July 7, 2022

Global banking company Citigroup from U.S has announced to have reportedly spend around $1.5 billion, or 1.8 trillion won, on the withdrawal of its retail business in South Korea.

According to the Wall Street Journal, the group in a regulatory filing mentioned that its expenditure on severance pay for employees at the Korean subsidiary’s retail banking operations will range between $1.2 billion and $1.5 billion. And by the end of next year, it will pay the envisioned personnel costs in phases.

Such a decision was made by the company headquarters after its Korean unit last month announced that it would carry out a gradual phasing out of its consumer banking division instead of selling it to another financial institution. This was because of the foreign bank and potential bidders failed to agree on terms of the sale.

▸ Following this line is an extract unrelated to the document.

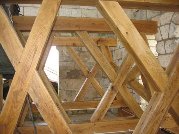 Le beffroi, ossature de bois, est conçu pour isoler les murs de pierre des cloches. Il est constitué d'un entrelacement complexe de croix en chêne et repose sur un rebord en pierre dépassant des murs intérieurs de la tour. Lorsque les cloches sonnent, le matériau plus indulgent qu'est le bois absorbe les vibrations. Si les cloches étaient reliées directement à la pierre, leurs vibrations dangereuses affaibliraient les murs qui finiraient par s'écrouler. Cette osssature de bois de chêne présente une plus grande résistance à l'action de va-et-vient de ces cloches mises en branle. Notre charpente a l'air de jouer parfaitement son rôle... Nos Anciens avaient déjà tout fait pour rendre cette charpente efficace, rigide et solide.

According to industry sources, the lender had offered to pay out a maximum of 700 million won in special severance pay to employees who have worked for at least three years. And since Oct. 28, it has been accepting requests for voluntary retirement. So far some 3,500 workers are subject for voluntary retirement, and nearly 60 percent had applied for the package.

The US banking giant, earlier in April had announced that it would pull out its consumer banking units several countries to cut down its consumer banking operations with a focus on business finance. The countries being Bahrain, China, India, Indonesia, Australia, South Korea, Malaysia, Philippines, Poland, Russia, Taiwan and Thailand.

According to reports, among the 13 overseas subsidiaries subject to the group’s divestiture plans, only the Australian unit has so far succeeded in selling off its retail banking operations.

The bank has reportedly been facing opposition from the union despite significant compensation offered to workers for partial business closure. The union has been urging the lender to seek for potential buyers to keep their jobs.

The head of the Citibank Korea labor union, Jin Chang-geun, commented that they can’t accept the bank’s move to lay off its employees unless more detailed measures to protect job security has come out.